Free Press Foundation
- Abbreviation: FPF
- Formation: 16 February 1996
- Type: non-governmental organization
- Headquarters: Ulaanbaatar
- Region served: Mongolia
- Key people: Kh.Naranjargal, N.Bolormaa
- Staff: 25
- Website: www.freepress.mn

= Free Press Foundation =

Mongolian Printing Company

Free Press Foundation (FPF, "Чөлөөт хэвлэл сан" сонины хэвлэх үйлдвэр) is one of the largest printing houses in Mongolia. It was first established in 1996 under the name Newspaper Printing House with a grant aid from the Danish International Development Assistance Agency within the framework of the project "Free and Independent Press in Mongolia" implemented in accordance with the agreement between the Government of Mongolia and the Government of Denmark. The Government of Denmark commemorated the Free Press Foundation to the transition to free democratic society system and free open economic market in Mongolia. Between 1996 and 2005, the Free Press Foundation printed up to 90% of total number of newspaper titles in Mongolia. Presently, it prints over 60% of total number of newspaper titles and over 70% of total circulation of nationally printed newspapers.

== History ==
During a UNDP donor countries' conference held in Ulaanbaatar in October 1991, Denmark expressed interest in supporting the democratization process in Mongolia. Thus, Mongolia was included into "Support Programme for countries in transition", financed by the Government of Denmark. DANIDA, the Danish International Development Agency, implemented projects in agriculture, energy, environment protection, education, press and humanitarian sectors of Mongolia. "Free and Independent press of Mongolia" was one of the projects supported by the Government of Denmark. It is one of the longest and most successfully implemented projects in Mongolia by DANIDA. The Government of Denmark provided 3 million 725 thousand Danish krone for the construction of an independent printing house in Mongolia. The Government of Mongolia invested financing equivalent to 925 thousand DKK.

== Status ==

FPF is a non-government, non-profit and non-membership organization, designed to promote social development. The status of non-profit organization was a logical continuation of the project and its objective. The project implementers have voiced their common opinion that the non-profit status is the best and open model and is the solution for being independent from financial and political interests. That's why, it needed to register the foundation as a non-government organization to maintain the status of non-profit entity. The best or optimal option was to establish a foundation. According to the Mongolian Law on NGOs, foundations are allowed to conduct economic activities and gain profits from them. Profit is gained from economic activities.

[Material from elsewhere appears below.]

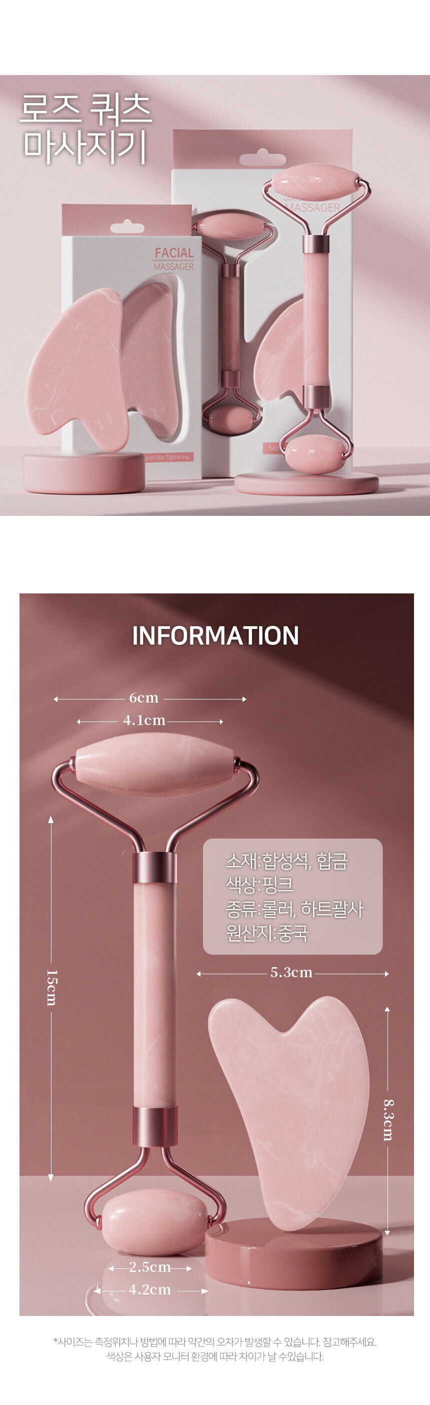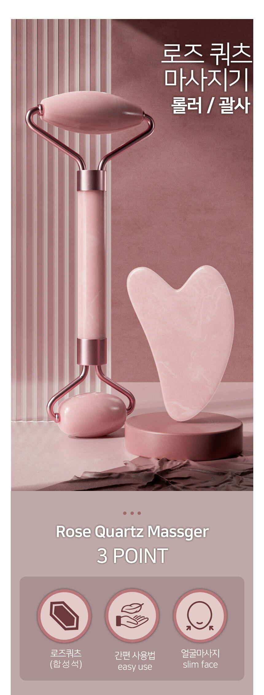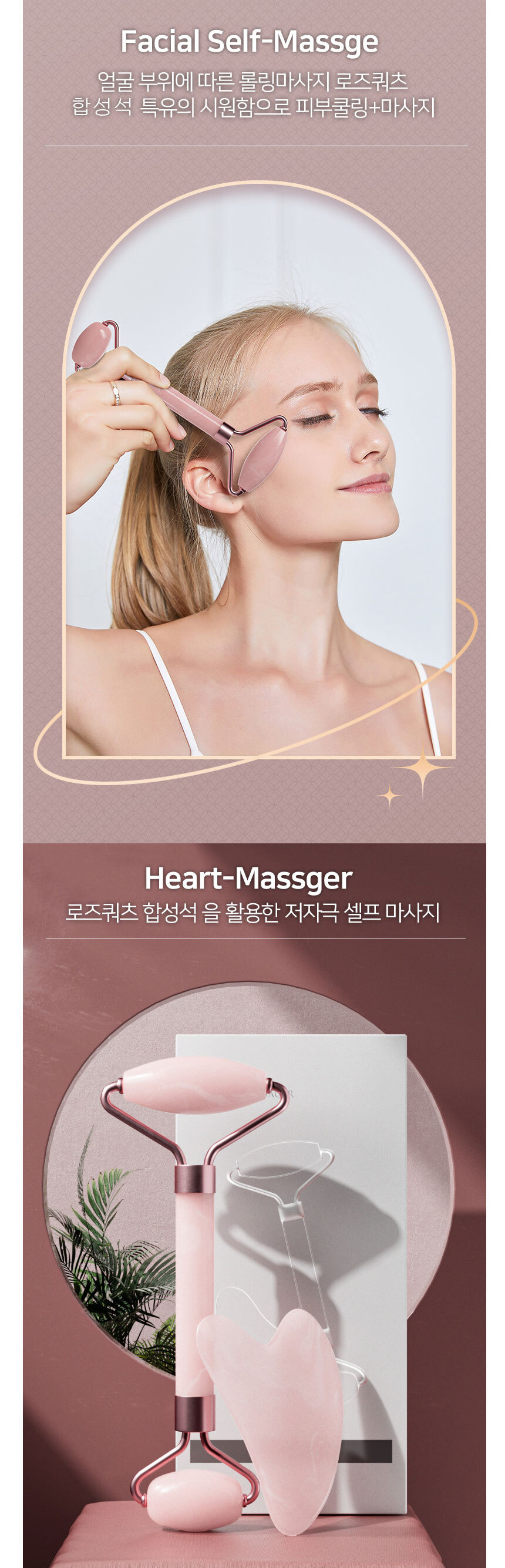 로즈쿼츠 괄사 마사지 하트 롤러 얼굴 마사지 세트 - 괄사롤러세트

However, it doesn't distribute the profit as a dividend to anybody. It re-invests in the foundation operations and gives it away as grant aids and donations. There are many foundations in Denmark and Europe with NGO status. The decision to establish an NGO has proven to be consistent through the years, and to this day FPF have been operating as an NGO adhering to its main line of foundation purpose and objectives.

== Governing body ==
The supreme governing body of the FPF is the Managing Board. The Board shall consist of seven members including chairperson, three representatives of the Customers' Assembly, and three representatives of Employees' Assembly. Each Assembly shall elect these three persons to the Board. The Chairperson of the Board shall be an independent person, widely respected in the society and without any particular interest in the Foundation's activities and newspaper publishing. Candidates to be the Chairperson are to be nominated by members of the Board. The candidate who has won absolute majority of votes is elected. The Chairperson shall be elected for a three-year period by secret voting of six members of the Board.

===Members===
Head of the Managing Board:
- Kh. Naranjargal. Head of "Globe International" NGO
Members:
- Yo.Unurbayar, Member of the Mongolia Law Association, member of the Mongolian Advocates Association
- S.Sharavdorj. Vice-president of Union of the Mongolian Journalists, Head of the Rural Press and Information Network MARY Center
- Sh.Altankhuyag. Management advisor
- D.Odmaa. Member of the Managing Board of the Mongolian Marketing Association
- B.Galsansukh. Poet
- Ts.Munkhjin. Vice Editor-in-Chief of the "Zasgiin gazryn medee" newspaper

==Equipment and technology==
The main equipment and technology was installed in 1996. Supported by effective investment policy, equipment modernization was performed in due time and manner by introducing advanced and world-leading technologies from Denmark, Sweden, Germany, UK, and Japan. It prints all kinds of paper products.

==Capacity==
FPF prints over 60% of the total number of national newspapers and encompasses over 70% of press sales market share of Mongolia. It also prints 50% of all daily newspapers in Mongolia and newspapers for all 21 provinces of Mongolia. Annual sales income: 2-2.5 billion MNT.